While there is projection of increased demand for food after coronavirus crisis, depressed prices at the moment due to low demand have put farmers in a catch-22 situation. Many cannot keep their food for extended period, write ALON MWESIGWA.
A scene from Zakariya plaza in Kalerwe is one of pity. A pickup truck loaded with tens of trays of eggs is attracting just stares from passersby. On the ground flour of the building, a shop is filled with trays of eggs, also covering the bigger part of the verandah.
An announcement on public microphone declaring “tray of eggs for Shs 7,000” attracts no interest. This is a drop from the Shs 10,000 a tray in pre- lockdown days. Just a distance away, two trucks full of Matooke have just arrived from upcountry. Each bunch is being sold at Shs 10,000 down from Shs 25,000 pre-lockdown days.
Such is the story of food market during the coronavirus crisis – and by extension misery to the farmers.
“It is chaos.
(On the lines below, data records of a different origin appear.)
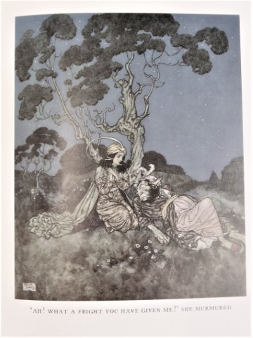 Accompanying these stories are 30 full page colour illustrations by Edmund Dulac, an early 20th century illustrator. The illustrations appear delicate in nature and are typical of Dulac’s oriental style. The combination of the beautiful binding and the atmospheric illustrations make this a book to delight and to treasure.
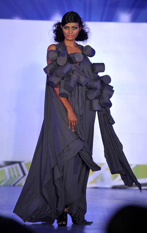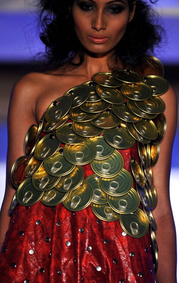 A model displays a dress made from recycled tin cans during the Canviroment Week 2011 event in Delhi late on December 14, 2011.SAJJAD HUSSAIN
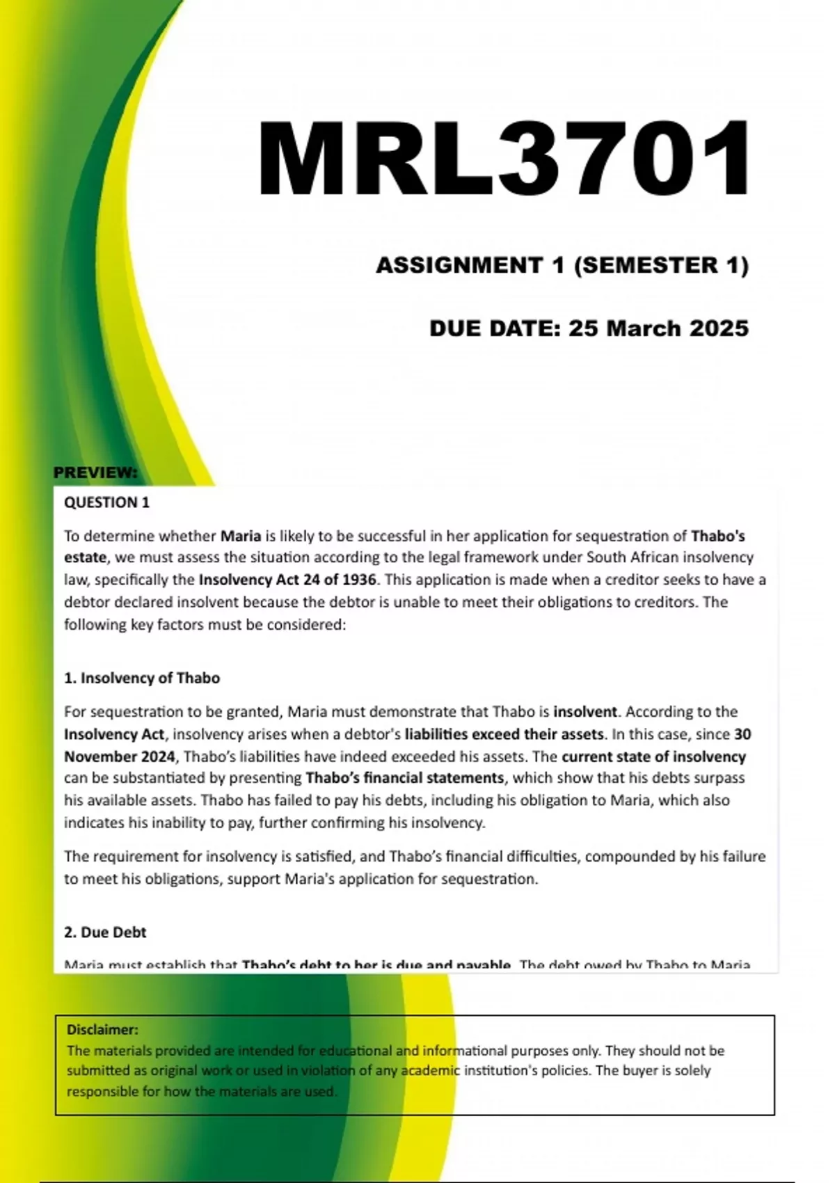 For sequestration to be granted, Maria must demonstrate that Thabo is insolvent. According to the
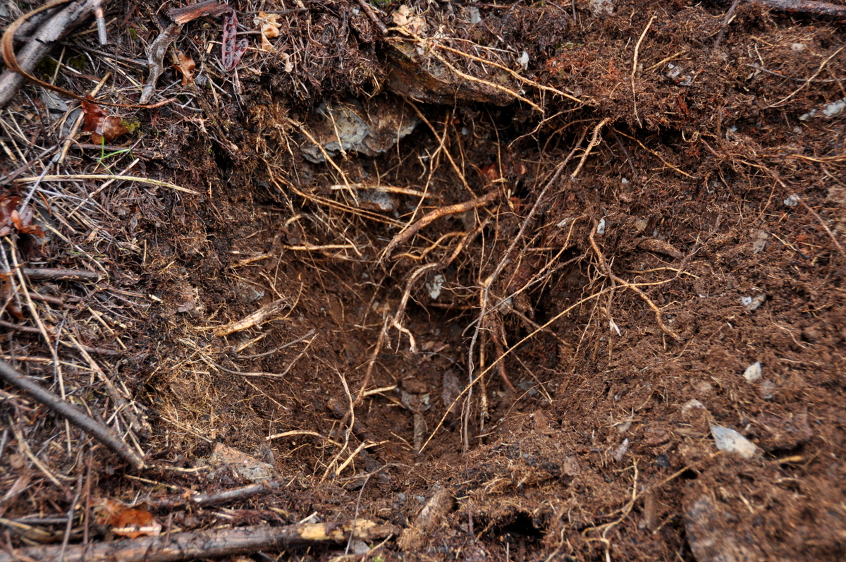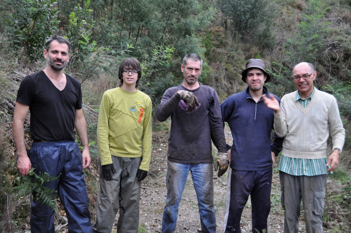 Feito o “aquecimento”, o resto da manhã foi passado a plantar medronheiros e sobreiros. Não foi, já se sabia, um trabalho fácil: o solo era pedregoso, embora o terreno não fosse muito inclinado. Mas o mais difícil de tudo foram as raízes de mimosa: formam uma malha de tal maneira densa e resistente que mesmo uma boa picareta tem dificuldade em penetrar. Mas isso já era esperado. O que não era esperado era que a chuva fosse caindo, sempre leve mas com muitos “para e volta”, ao longo de toda a manhã. Isso enlameou muito as ferramentas e as luvas, mas não “desarmou” a equipa, que só teve de vestir e despir os impermeáveis inúmeras vezes!
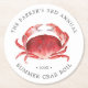 Dessous de verre de papier alimentaire sur le thème du crabe-crabe pour votre prochaine fête d'ébullition du crabe ou événement de fruits de mer. Il présente une illustration d'un crabe rouge de style aquarelle. Il y a des endroits autour de ce site pour vos informations uniques sur l'événement.
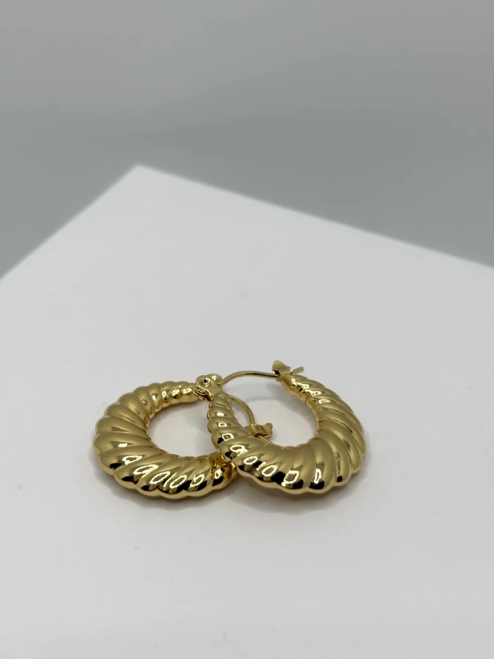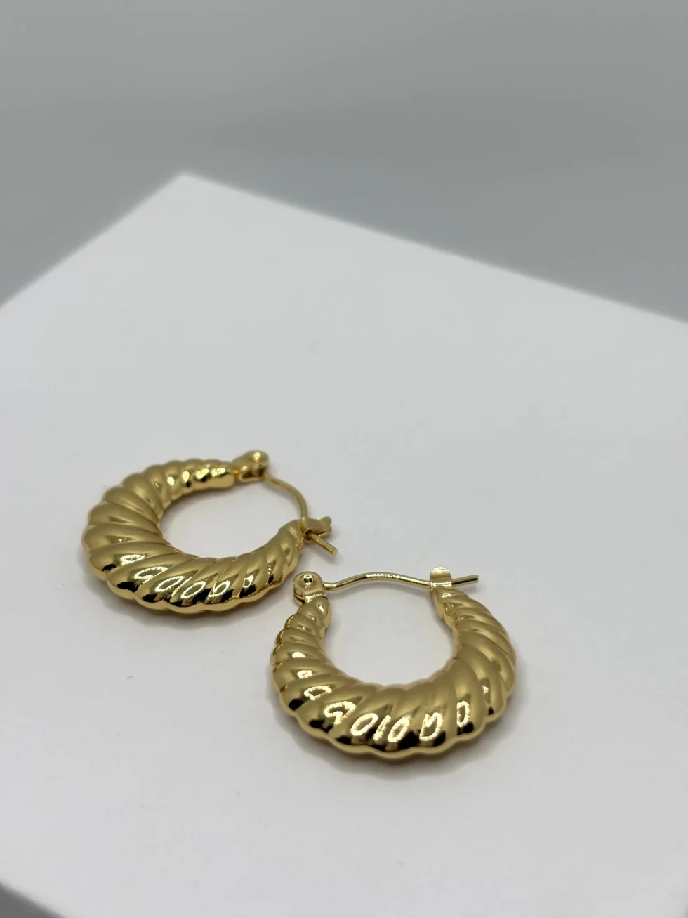 Orecchini a cerchio bombato in acciaio inox dorato, con superficie rigata che richiama le conchiglie marine. Eleganti e originali, ideali per dare luce e personalità a ogni look.

No one is buying,” says Hamza Kiyinza atop one of the Matooke trucks.
Even as food markets were declared essential and therefore spared closure, their critical component that keeps them running normally had been disrupted.
That is the demand from different entities, including hotels, schools, roadside rolex (chapati rolled into eggs) makers, and even household’s ability to freely move to the market to buy food was interrupted with.
All hotels have been closed for more than a month now. Bakeries which take a lot of eggs are producing below capacity as demand for bread has fallen.
Because millions of people who went to work daily in different urban areas are staying at home, it means smaller restaurants, which constituted sizeable demand for food daily, are not working. Michael Ssali, a farmer from Masaka, says while they have no problem with non-perishables like coffee, which can be kept for when normalcy returns, they have had no options for things like bananas, tomatoes that go bad quickly.
He says at his farm, managed by wife, middlemen buying their bananas are paying between Shs 3,000 and Shs 7,000 for a big bunch that went for Shs 15,000 before the lockdown.
“We just give them,” he says. “Because we can’t keep all here.”
The story rhymes with that of Disan Muwanga, a prominent farmer in Masaka. He says he is selling his bananas for a cheap. He has, however, found a solution for the maize. He says instead of selling a kilogram of maize at about Shs 500, he has decided to make flour and sell each kilogram at Shs 2,500 or more. There are those with no capacity like Muwanga’s.
In Kampala Kisenyi, sellers of eggs say they have to first get an order from a client before they can also order from the farmers. Sumaya Nakibuuka, a seller of eggs in Kisenyi, said their main customers were Kenyans but now they fear to come to Uganda and Ugandans fear to go to Kenya. This means no one is buying the eggs.
Nakibuuka said that while she stocked up to 2,000 trays per week and were bought before the coronavirus crisis, she now only stocks below 500 and they stay.
In Bwaise, owners of dairies selling unprocessed milk, have employed public speakers to call on buyers of milk with limited success. A litre of milk is below Shs 1,000 from Shs 2,000 before the lockdown. External markets like Kenya, South Sudan, and DRC have been disrupted as their own people are also in lockdown and demand for everything is near zero.
President Yoweri Museveni said in a recent address that farmers can be more creative and make lasting products out of their food. For instance, he said, poultry farmers can market mayonnaise from their eggs while milk producers can make cheese. Very few farmers can take these choices, opined an analyst.
Uganda Manufacturers Association (UMA) leadership has implored poultry farmers to get in touch with Reco Industries to help them convert their eggs into powder or lysozome.
“This increases Shelf life to 2yrs. Lysozome is also used in cosmetics and pharmaceutical,” UMA said. But this can only take enough.
The low prices for the farmers mean some might have less money to invest back in their farms. This can lead to food strain in the coming days, according to analysts.
Dr Ezra Munyambonera, a research fellow at the Economic Policy Research Centre, said even in the lockdown, farmers must be helped to continue farming.
He said food demand after lockdown has been lifted will be hard to fill. He said the demand will not just be local but also from the regional. Munyambonera says government should help farmers to access extension workers even during the lockdown.
The World Food Programme (WFP) has warned about 265 million people around the world are forecast to be facing acute food insecurity by the end of this year.
Harsh weather conditions, including floods, also put serious questions on farmers ability to push ahead with production for the after-crisis period. At the moment, food producers can only pray the lockdown is lifted as soon as possible to boost demand for their produce – the future market projection is a concern for the next day.